Thais en Vietnamees poppenspel. Acrobaten, Chinees schimmenspel en Japanse kostuums. Een Chinese dirigente voor een Nederlands orkest, een Canadees regieteam en als hoofdwerk een krap vijftig minuten durende opera van een Russische componist, gebaseerd op een sprookje van een Deense schrijver die zijn inspiratie uit China haalde. Losjes.
Dat, en vijftigduizend liter water, zijn de ingrediënten voor De nachtegaal en andere fabels in het Amsterdamse Muziektheater. Een voorstelling waarin niets is wat het lijkt.

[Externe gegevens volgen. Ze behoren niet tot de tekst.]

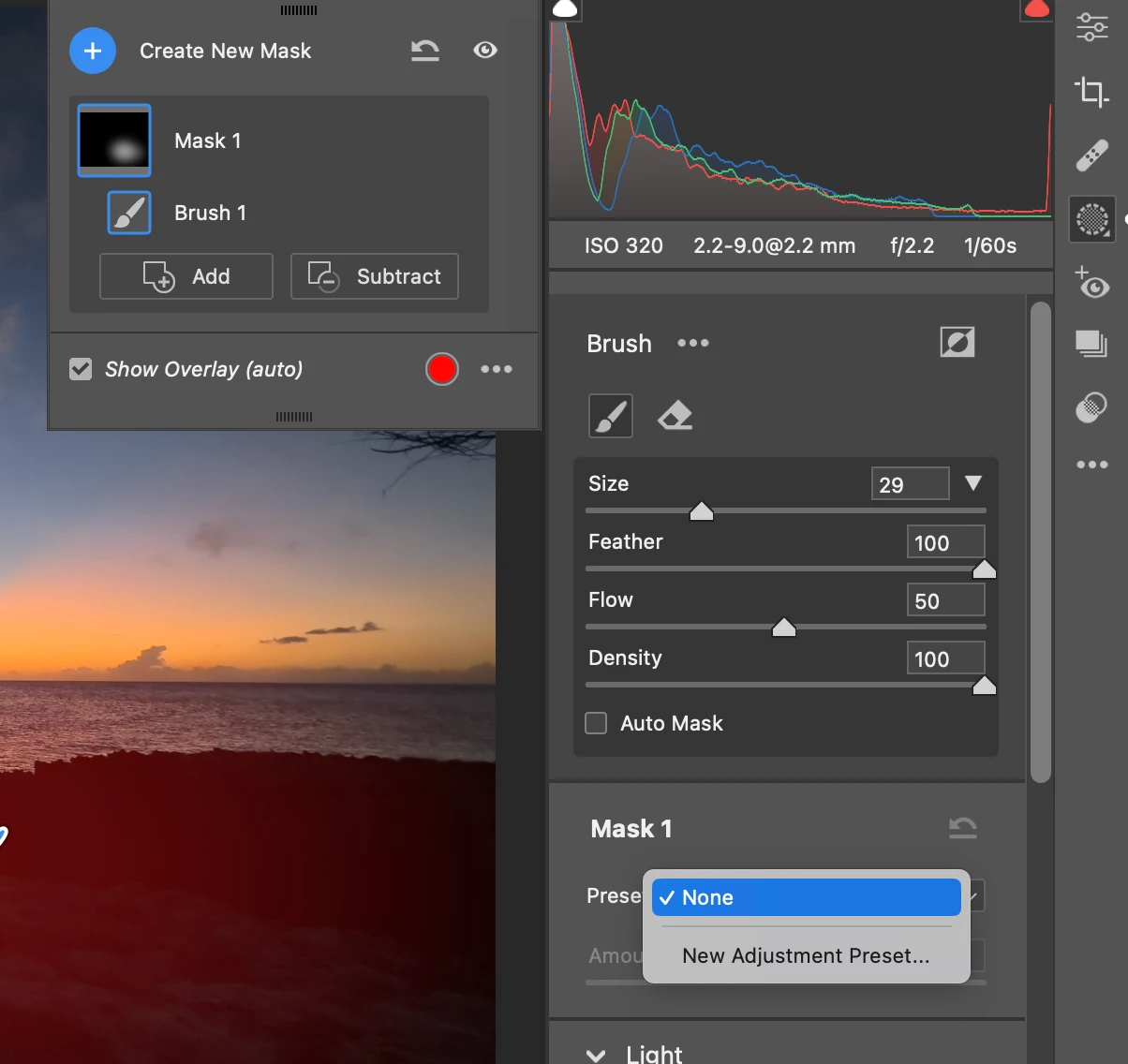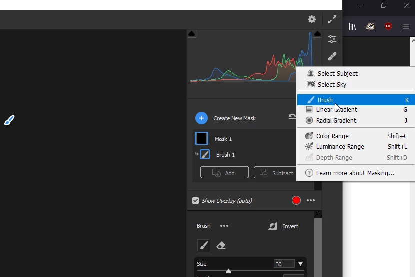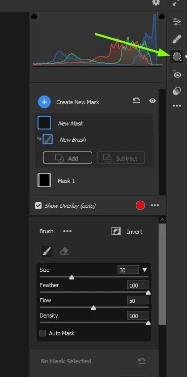 Press K on the keyboard or click and hold on the masking icon to reveal the options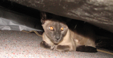 A friend’s…he’s lovely, but refuses to come out from under my bed…Gemma is just crazed. She wants a go at his food in the worst way.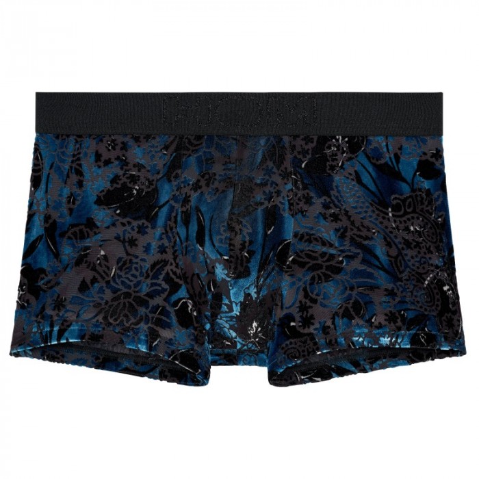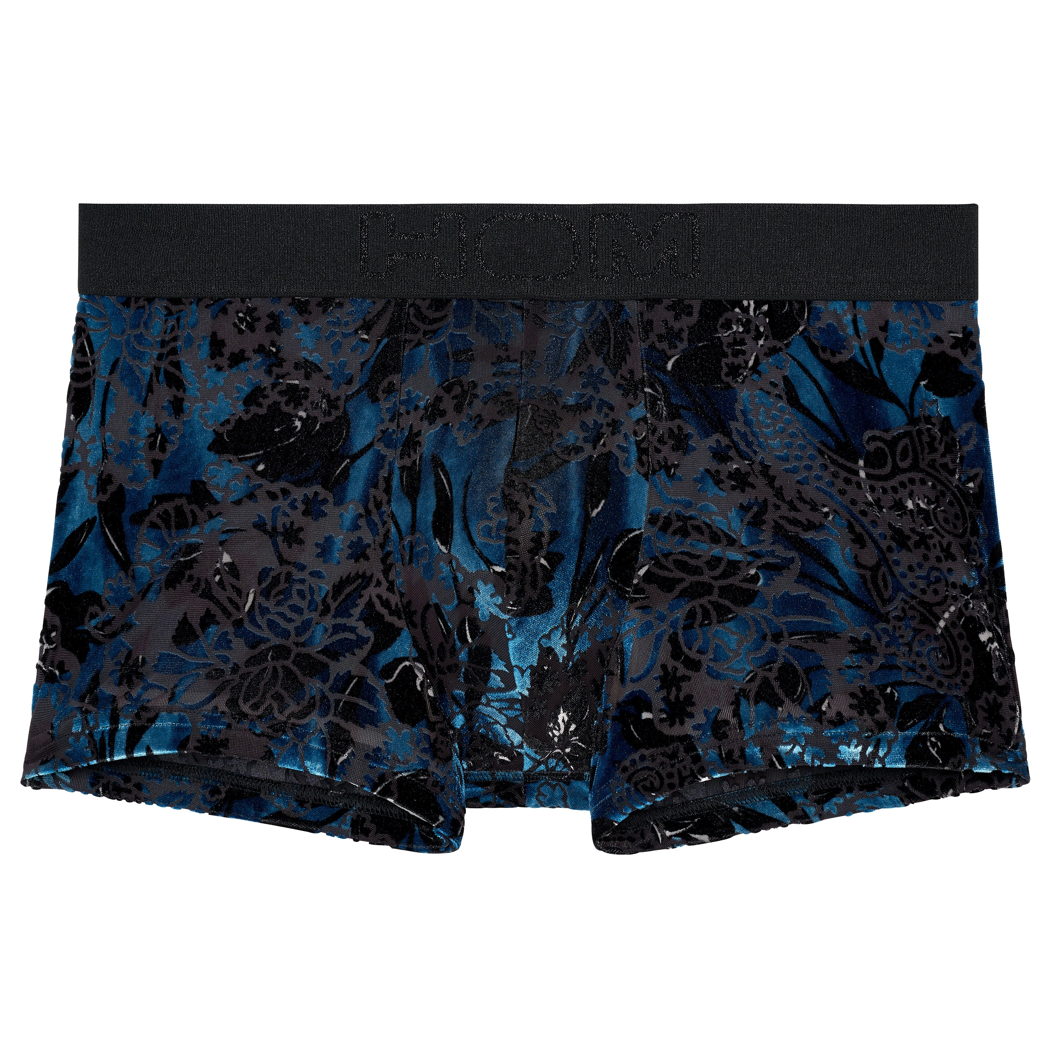 Le boxer court homme Fremont est une véritable déclaration de style. Réalisé en velours dévoré, il offre une texture somptueuse et un toucher sensuel d’une rare intensité. Sa matière douce et légèrement brillante capte la lumière, rappelant les néons éclatants de Fremont Street à Las Vegas. Doté d’un voile élastique inséré dans l'ourlet de bas de jambe pour un maintien optimal, il intègre une large ceinture siglée HOM rehaussée d’un fil lurex, qui souligne son caractère luxueux. Les motifs baroques tissés dans la matière renforcent l’esprit glamour et opulent de cette pièce unique de lingerie homme. Le Fremont est un boxer court pensé pour les amateurs de lingerie raffinée, où le confort rencontre la séduction.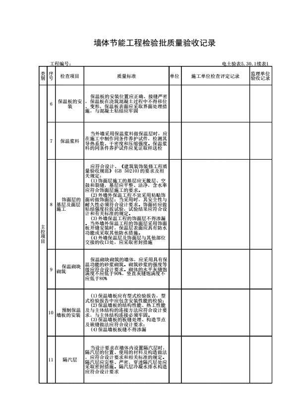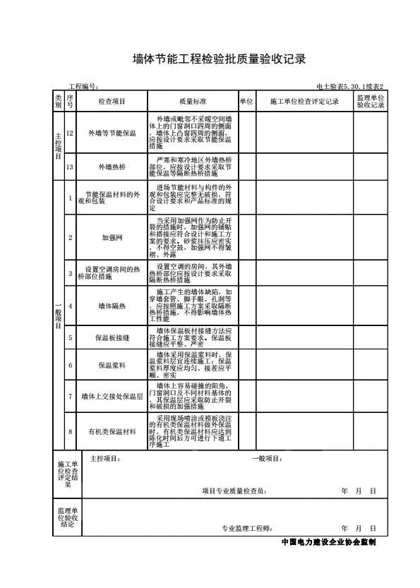 表格名称:电土验表5.30.1 墙体节能工程检验批质量验收记录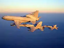 Cette méthode est particulièrement utilisée dans l'Aéronavale. L'US Navy utilise comme ravitailleurs des versions de différents avions embarqués, par ordre chronologique, des Douglas A-4 Skyhawk, premier avion à remplir ce rôle[82], des Douglas A-3 Skywarrior[83], et des Grumman A-6 Intruder[84], des Lockheed S-3 Viking[85], des Boeing F/A-18E/F Super Hornet[86]. Dans l'aéronavale française, ce rôle est longtemps tenu par les Dassault Super-Étendard. Un appareil dans la configuration ravitailleur, surnommée « nounou », est toujours disponible sur le pont du porte-avions Clemenceau et du Foch[87]. Cette mission est reprise par le Rafale M[88].

Het begint al met Ragtime, een kort instrumentaal stuk voor elf instrumenten, dat ondanks de titel geen echte ragtime is, maar eerder de reactie van Stravinky op die aan het begin van de twintigste eeuw nieuwe muziek – maar dan wel met de melodie in stukjes gebroken. De wiegenliedjes en Russische boerenliederen die volgen zijn door de ongebruikelijke instrumentatie interessant, maar zeker niet zo revolutionair als de Sacre. Ook de korte opera Le rossignol (de nachtegaal) na pauze behoort tot de toegankelijke werken van Stravinsky.
Een allegaartje dus.
Het lijkt een specialiteit van De Nederlandse Opera: in 1999 combineerde het gezelschap onder de noemer Bijbelse stukken al een achttal ‘religieuze’ werken van Stravinsky tot een avondvullende voorstelling. De eenheid die die voorstelling had, is hier voor de pauze ver te zoeken, het neigt te veel naar variété, zij het van zeer hoog niveau.
Verwonderlijk is dat niet, want verantwoordelijk voor deze avond is Robert Lepage, die niet alleen voor Cirque du Soleil verbluffende visuele effecten creëerde, maar die ook Peter Gabriel in een aan Doctor Who ontleende telefooncel plaatste en momenteel in New York een hightech Ring des Nibelungen van Wagner realiseert.
Wat al zijn ensceneringen gemeen hebben, is de nadruk op het ‘gewoon een verhaal vertellen’. Dat kan met de allermodernste computereffecten, de zwaarste decors uit de New Yorkse geschiedenis, maar ook met eeuwenoude en in wezen hele simpele technieken, zoals nu in De nachtegaal. En hoewel het lijkt alsof Lepage maar wat uit hetwilde weg leent uit Russische folklore en verschillende Oosterse theatervormen, spiegelt hij voortdurend de muziek van Stravinsky.
De Chinees klinkende flarden in Le Rossignol hebben niks met Chinese muziek van doen, maar klinken louter zo in onze Westerse oren, net zoals we menen dergelijke Oosterse klanken in Puccini’s Turandot te horen. Hans Christiaan Andersen schreef ook geen Chinees sprookje, hij verzon er een. Dat uitgerekend in Amsterdam – deze voorstelling was eerder in Canada en Frankrijk te zien – geen blanke westerse man voor het orkest staat, maar een Chinese vrouw, maakt het spel met authenticiteit alleen maar volmaakter.
Want uitgerekend als Russische volksliederen klinken, toont Lepage het meest Chinese element van de avond (het schaduwspel); wanneer de Russische solisten Olga Peretyatko en Ilya Bannik tot grote hoogten in hun eigen taal stijgen, speelt Lepage met poppen die niets met Rusland te maken hebben.
Het resultaat? Een sprookjesachtige avond die na de pauze meer en meer een eenheid wordt. Een met eenvoudige middelen zeer gekunstelde eenvoud, dat wel. Precies zoals de muziek van muziek van Stravinsky. Een klein mirakel.